Ohio St. -3 vs. Michigan St.
Predicted score: Ohio St. 31, Michigan St. 24          Actual score: Michigan St. 10, Ohio St. 7
SU: Lost; ATS: Lost

This was one of the ugliest games I had seen in a while.  LSU has gotten bashed from the local & national media the last couple years about ugly offense but this game made bad high school offenses look effective.  Especially on the Ohio St. side of the ball.  Ohio St. was sacked I think 9 times if I recall correctly & Michigan St.’s only real offense was throwing to B.J. Cunningham.
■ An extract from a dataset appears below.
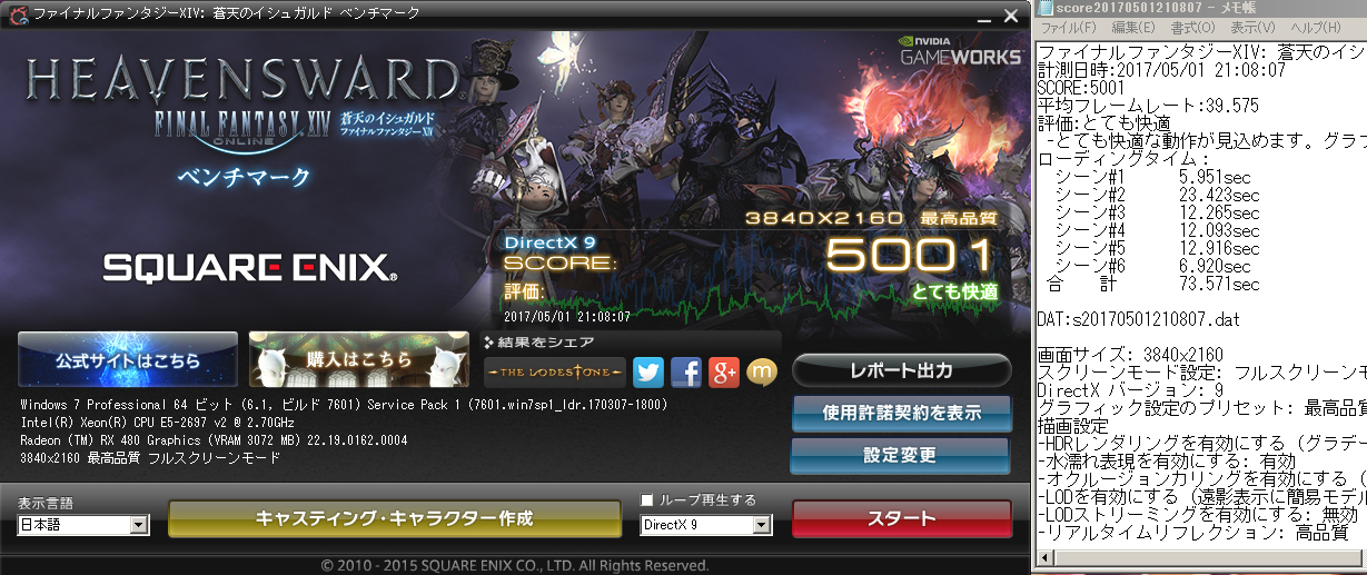 ![]() 前記事通りで購入しました 購入して1日で届きました やっぱ日本の配送ってすごいよね~ ![]() HAF Xも同時に購入してるのでHAF 932から全パーツまるごと引越ししました 上記がその時の画像です このときは1080Tiが2.5スロットなのを考慮しないでそのままRX480載せたら、x8接続になってしまったので後にRX480のスロットを一段下げx16接続にしてあります マザーがX79 EXTREME11なのでPCIスロット2段づつにVGA挿せば最大4枚のVGAをx16接続できます GeForce+RADEONのデュアルGPU環境については過去記事に載せてあります GPUに10万使うのは今回が初めて・・・ いつもゲフォ、ラデは最上位のひとつ下とか選びますからね・・・ 大体コスパ重視♪ 今回は気合い入れて1080Tiを選んだというわけ titanxpとか出てますがそれは置いといて・・・ 性能、ベンチは後で説明しますが、やはり消費電力が気になりますね~ FF14、3DMarkどちらも最大500Wオーバーが多いです もちろん、CPUが2697v2、GTX1080Ti、RX480、ファンフル回転なので消費電力多くて当たり前ですが・・・ GTX780使ってたときは4930kOC+GTX780でも400W超えた程度だったので、今回で消費電力がかなり増えました というわけで早速ベンチです 比較対象は手持ちのRX480(GTX980~980Tiの性能なのでわかりやすいかと) ※1:SteamVRパフォーマンステスト ![]() 何故かどちらもシステムのスペックがGTX1080Tiですが右がRX480のベンチ結果です 変な表示なのはおそらく?GeForce+RADEON環境を想定してないから? GTX1080Ti=19970:11(非常に高い) RX480=8724:6.9(高い) スコアはやはり1080Tiのほうが倍以上のスコアになりますね 1080=RX480CFなので108より30%早いとされる1080Tiは流石にスコア高い(スコアカンスト?) ※2:ファイナルファンタジーXIV: 蒼天のイシュガルド ベンチマーク(3840x2160 最高設定 DX9) ![]() 上記はRX480、スコア:5001 ![]() 上記はGTX1080Ti、スコア:10811 WQHD以下だと1080Tiが仕事しないので4kで比較 DX11だとRADEONが極端にスコア悪くなるのでDX9で比較 比較ベンチしたらスコアがまんま倍違いました 今回はこの辺で終わります 3DMarkはまだやってないのでそのうち載せるつもり お気に入りの記事を「いいね!」で応援しよう

But despite as completely inept as the Suckeyes were on offense (178 yds of offense, 68 of that on a scoring drive with a few seconds to go), Sparty tried mightily to give the game away with 3 turnovers in Suckeye territory & a missed FG.

Bama -3 at Florida
Predicted score: Bama 30, Florida 20          Actual score: Bama 38, Florida 10
SU: Won; ATS: Won

I would’ve liked to see how much money Vegas made in Florida for this one.
Jorts before the game: “Dood! We so gonna upset Bama.  I mean it’s in The Swamp, Moosechamp knows Saban’s tricks AND I got Burrito Bros., dood! Salt Life!”
Jorts after the 1st play from scrimmage (Brantley to DuBose TD bomb): “DOOD! DOOD! I told you we gonna beat Bama! DOOD! CHOMP! CHOMP!”
Jorts after Bama had taken a 2 score lead & then put Brantley out the game just before halftime: “Dood, Driskell’s coming in, Tebow 2.0, dood! Watch how we gonna come back on Bama, dood! Salt Life!”
Jorts after the game & a 38-10 whipping:  “Whatever, man, we woulda won if it wasn’t for Brantley going out.  Dood, can I catch a ride with you to Santa Fe on Monday, if I don’t pass this Western Civ class I’ll never get into UF.”

Wisconsin -10 vs. Nebraska
Predicted score: Wisconsin 28, Nebraska 27          Actual score: Wisconsin 48, Nebraska 17
SU: Won; ATS: Lost

Well, I guess Nebraska & Pvt. Russell Ziskey have something in common now.